The morning that I headed for the Bangor Airport that first time I realized how much Maine was changing me. I had learned to shoot a gun, chop wood, and recognize the wildflowers and to listen to the woods all around me. The natural world had never been a part of my life before and it slowly revealed its timetable and secrets: those tiny delicious strawberries covered by their leaves that appeared in June followed by the wild raspberries in July were on their own schedule and the day I found the first blackberry I knew summer was starting to shut down. The pale pink lady slippers bloomed in July, each one a jewel of the woods. The purple asters appeared the end of August and coincided with the finish of the blueberry harvest. The first red swamp maple leaves appeared on the road in the middle of August presaging fall by at least three weeks. The ruby-throated hummingbirds arrived from Nicaragua the second week in June and I was sure they were the same ones from the year before since they immediately went looking for the feeders in exactly the same places. These tiny creatures got so aggressive they would dive bomb me if I neglected to refresh their sugar water. They would hover over me and chatter while their wings beat so fast they were a blur. Our five birds would argue with each other for custody of the feeders, expending so much energy during their duels that I’d occasionally see one heaving for breath as he paused for a breather on a branch. By the time their chicks arrived in mid July and began to lobby loudly for their share, the hummingbird parents were in constant motion looking for nectar for their children and fighting off the attacks of the other birds. Everything looked so peaceful until one peered below the surface. All these progressions were new to me as I studied and learned to watch these silent changes. This was a slow process where every summer I noticed things I had not known before. But that day, as I maneuvered over the goat track that led to the highway I was simply eager to share my bear story.

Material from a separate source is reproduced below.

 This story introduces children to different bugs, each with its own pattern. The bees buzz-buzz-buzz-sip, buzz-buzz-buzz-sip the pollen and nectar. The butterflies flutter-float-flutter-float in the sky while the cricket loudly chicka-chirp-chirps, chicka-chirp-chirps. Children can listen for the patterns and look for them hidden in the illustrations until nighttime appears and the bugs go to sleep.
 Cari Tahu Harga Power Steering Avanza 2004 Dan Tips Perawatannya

“What’s wrong?” Dennis questioned as we headed for the parking lot. He had taken one look at my face and knew something was up.

“There’s a bear roaming around under the house. I was terrified and I couldn’t get the gun closed and I’m scared—that what’s wrong. I’m not staying there alone again.”
“You’re exaggerating.” he said after I demonstrated the bear grunt.

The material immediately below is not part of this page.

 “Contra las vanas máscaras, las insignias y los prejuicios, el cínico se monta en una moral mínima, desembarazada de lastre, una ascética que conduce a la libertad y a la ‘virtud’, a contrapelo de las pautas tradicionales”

Later, at lunch he was still chuckling about my bear and as I was putting away the food, suddenly there it was—the moaning grunt.

“Get in here. Get in here. The bear is under the house.”

He dashed into the house heard the grunt and dove for the shotgun. He closed the breech, cocked it and got ready to scare it away. He checked all the rooms, went out on the deck and cautiously peered over the railing to inspect underneath. He came back inside, listened and then he put down the gun and began to laugh.

“What’s so funny? Shoot! It’s under the house.”

“It’s not under the house. Nothing is under the house. Listen to the grunt again. It filled the cottage and as he knelt down in the kitchen he said “It’s the gas refrigerator compressor—that’s your bear!”

And it was. The grunt was rhythmic and did sound like a bear. But I never lived down my bear story and as time went by, I could even laugh about it.